Scientists discover how protein crucial for motion is synthesised at the right place in the cell
Researchers at the Albert Einstein College of Medicine and the German Cancer Research Institute have shown how protein synthesis is targeted to certain regions of a cell–a process crucial for the cellular motility that governs nerve growth, wound healing and cancer metastasis. Their study appears in the November 24 issue of the journal Nature.
Led by Drs. Robert Singer and Dr Stefan Huettelmaier, the research team focused on migrating fibroblast cells important in wound healing. To move towards a wound, these cells manufacture the protein actin, which polymerizes into long filaments that push the cell’s membrane outward to form protrusions.
The team’s previous work showed how newly formed actin messenger RNA molecules find their way to the cell’s periphery: A protein called ZBP1 binds to the messenger RNA and “escorts” it out of the fibroblast nucleus and into the cytoplasm. On reaching the cell’s periphery, the messenger RNA is translated into actin protein responsible for cell motility.

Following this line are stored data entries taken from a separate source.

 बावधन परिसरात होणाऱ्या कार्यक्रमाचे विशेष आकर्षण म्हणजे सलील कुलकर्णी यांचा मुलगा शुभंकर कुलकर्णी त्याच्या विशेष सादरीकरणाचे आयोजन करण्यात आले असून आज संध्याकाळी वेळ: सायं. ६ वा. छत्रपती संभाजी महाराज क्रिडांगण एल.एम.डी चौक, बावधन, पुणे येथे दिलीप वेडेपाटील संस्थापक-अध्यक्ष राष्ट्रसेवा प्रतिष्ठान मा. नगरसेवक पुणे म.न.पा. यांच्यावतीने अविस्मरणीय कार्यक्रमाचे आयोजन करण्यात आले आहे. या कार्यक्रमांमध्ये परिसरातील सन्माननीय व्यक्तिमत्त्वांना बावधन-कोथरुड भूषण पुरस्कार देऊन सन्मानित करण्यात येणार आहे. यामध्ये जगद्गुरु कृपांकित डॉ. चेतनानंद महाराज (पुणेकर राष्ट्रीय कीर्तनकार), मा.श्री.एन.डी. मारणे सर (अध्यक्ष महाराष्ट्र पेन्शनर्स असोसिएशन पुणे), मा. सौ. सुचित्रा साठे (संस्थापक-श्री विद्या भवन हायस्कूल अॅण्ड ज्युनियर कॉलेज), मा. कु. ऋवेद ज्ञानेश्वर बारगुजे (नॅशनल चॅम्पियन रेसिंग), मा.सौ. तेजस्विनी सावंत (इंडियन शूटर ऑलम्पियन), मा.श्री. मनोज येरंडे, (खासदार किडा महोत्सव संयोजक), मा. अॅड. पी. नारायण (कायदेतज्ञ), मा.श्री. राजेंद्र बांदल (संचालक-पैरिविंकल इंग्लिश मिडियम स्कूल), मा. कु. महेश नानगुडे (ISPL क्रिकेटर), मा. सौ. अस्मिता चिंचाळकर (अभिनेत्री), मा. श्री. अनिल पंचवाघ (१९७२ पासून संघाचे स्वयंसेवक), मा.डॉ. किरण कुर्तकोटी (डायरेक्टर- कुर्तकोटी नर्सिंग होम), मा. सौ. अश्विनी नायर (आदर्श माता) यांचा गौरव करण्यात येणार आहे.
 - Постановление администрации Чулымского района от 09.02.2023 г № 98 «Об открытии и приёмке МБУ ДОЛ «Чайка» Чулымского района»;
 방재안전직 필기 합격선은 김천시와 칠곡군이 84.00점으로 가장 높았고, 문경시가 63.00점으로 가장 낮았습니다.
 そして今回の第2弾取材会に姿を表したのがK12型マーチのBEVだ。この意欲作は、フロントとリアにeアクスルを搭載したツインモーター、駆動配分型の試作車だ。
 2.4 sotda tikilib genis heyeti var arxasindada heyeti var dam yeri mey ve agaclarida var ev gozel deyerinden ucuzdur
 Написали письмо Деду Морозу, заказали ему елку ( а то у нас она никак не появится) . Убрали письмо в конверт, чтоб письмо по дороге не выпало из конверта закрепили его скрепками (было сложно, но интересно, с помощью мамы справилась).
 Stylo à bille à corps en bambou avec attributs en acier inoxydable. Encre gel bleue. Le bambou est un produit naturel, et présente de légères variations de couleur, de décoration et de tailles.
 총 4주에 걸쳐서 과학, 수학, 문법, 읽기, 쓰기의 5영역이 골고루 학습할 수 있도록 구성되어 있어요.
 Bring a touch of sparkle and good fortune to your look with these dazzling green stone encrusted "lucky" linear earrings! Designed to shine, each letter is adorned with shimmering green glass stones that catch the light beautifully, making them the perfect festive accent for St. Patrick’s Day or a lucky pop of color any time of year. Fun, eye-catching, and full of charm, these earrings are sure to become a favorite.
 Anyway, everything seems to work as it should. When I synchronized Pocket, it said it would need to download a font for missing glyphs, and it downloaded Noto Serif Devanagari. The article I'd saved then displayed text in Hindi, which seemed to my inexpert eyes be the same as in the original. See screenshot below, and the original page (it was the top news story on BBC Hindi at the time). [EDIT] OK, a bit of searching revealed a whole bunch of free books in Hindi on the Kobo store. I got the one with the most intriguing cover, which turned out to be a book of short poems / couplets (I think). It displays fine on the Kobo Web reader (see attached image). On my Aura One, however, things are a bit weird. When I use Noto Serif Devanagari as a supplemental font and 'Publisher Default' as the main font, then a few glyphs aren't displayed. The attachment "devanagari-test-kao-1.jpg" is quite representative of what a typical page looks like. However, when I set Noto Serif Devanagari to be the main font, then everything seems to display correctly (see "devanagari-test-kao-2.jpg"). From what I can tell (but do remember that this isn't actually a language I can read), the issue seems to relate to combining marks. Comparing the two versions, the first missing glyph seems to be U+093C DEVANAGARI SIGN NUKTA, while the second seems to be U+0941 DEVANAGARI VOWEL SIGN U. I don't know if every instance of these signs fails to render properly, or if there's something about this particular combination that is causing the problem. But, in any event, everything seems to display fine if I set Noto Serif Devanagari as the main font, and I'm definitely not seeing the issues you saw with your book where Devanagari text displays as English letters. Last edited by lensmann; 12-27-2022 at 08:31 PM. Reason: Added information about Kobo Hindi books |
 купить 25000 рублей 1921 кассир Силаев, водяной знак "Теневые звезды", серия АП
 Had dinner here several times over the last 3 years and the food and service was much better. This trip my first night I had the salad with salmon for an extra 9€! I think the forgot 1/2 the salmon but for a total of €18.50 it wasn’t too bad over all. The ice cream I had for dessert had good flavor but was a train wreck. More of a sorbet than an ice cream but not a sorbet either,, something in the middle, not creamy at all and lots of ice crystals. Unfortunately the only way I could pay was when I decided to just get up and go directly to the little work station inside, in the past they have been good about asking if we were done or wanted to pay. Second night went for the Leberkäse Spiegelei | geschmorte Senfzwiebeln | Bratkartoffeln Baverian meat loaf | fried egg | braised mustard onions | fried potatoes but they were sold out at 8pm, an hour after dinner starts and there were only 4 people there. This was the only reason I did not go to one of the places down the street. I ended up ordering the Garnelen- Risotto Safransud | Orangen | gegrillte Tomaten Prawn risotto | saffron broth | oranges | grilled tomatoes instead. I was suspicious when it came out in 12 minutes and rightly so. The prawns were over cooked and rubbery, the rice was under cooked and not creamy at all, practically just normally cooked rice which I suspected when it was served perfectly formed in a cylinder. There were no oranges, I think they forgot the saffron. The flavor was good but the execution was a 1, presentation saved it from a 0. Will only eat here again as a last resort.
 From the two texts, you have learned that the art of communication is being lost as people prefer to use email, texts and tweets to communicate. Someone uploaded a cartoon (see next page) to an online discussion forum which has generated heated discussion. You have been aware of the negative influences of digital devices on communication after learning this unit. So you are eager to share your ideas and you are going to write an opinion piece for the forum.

This new study reveals another key role for ZBP1: Not only does ZBP1 bind to actin messenger RNA and guide it to the cell’s periphery, but it also helps regulate where in the cell the messenger RNA is translated into actin.
“The ZBP1 bound to actin’s messenger RNA acts like a lock to prevent it from being translated into protein before reaching its destination,” explains Dr. Singer. “On arriving at the cell periphery, the messenger RNA/ZBP1 complex encounters an enzyme, the protein kinase Src, which is active only in that part of the cell. Src adds a phosphate group to ZBP1 close to where it binds to messenger RNA, and this phosphorylation reaction detaches ZBP1 from the actin messenger RNA–unlocking the messenger RNA so it can now be translated into the actin protein that makes cell movement possible.”
Understanding how actin synthesis is spatially regulated in motile cells could lead to new cancer therapies. “In cancer,” says Dr. Singer, “we know that expression of ZBP1 correlates with benign tumors, while suppression of ZBP1 is associated with metastasis–when motile cancer cells break off from the primary tumor and invade other areas of the body. So a drug that could force tumor cells to express ZBP1 might prevent cancers from spreading.”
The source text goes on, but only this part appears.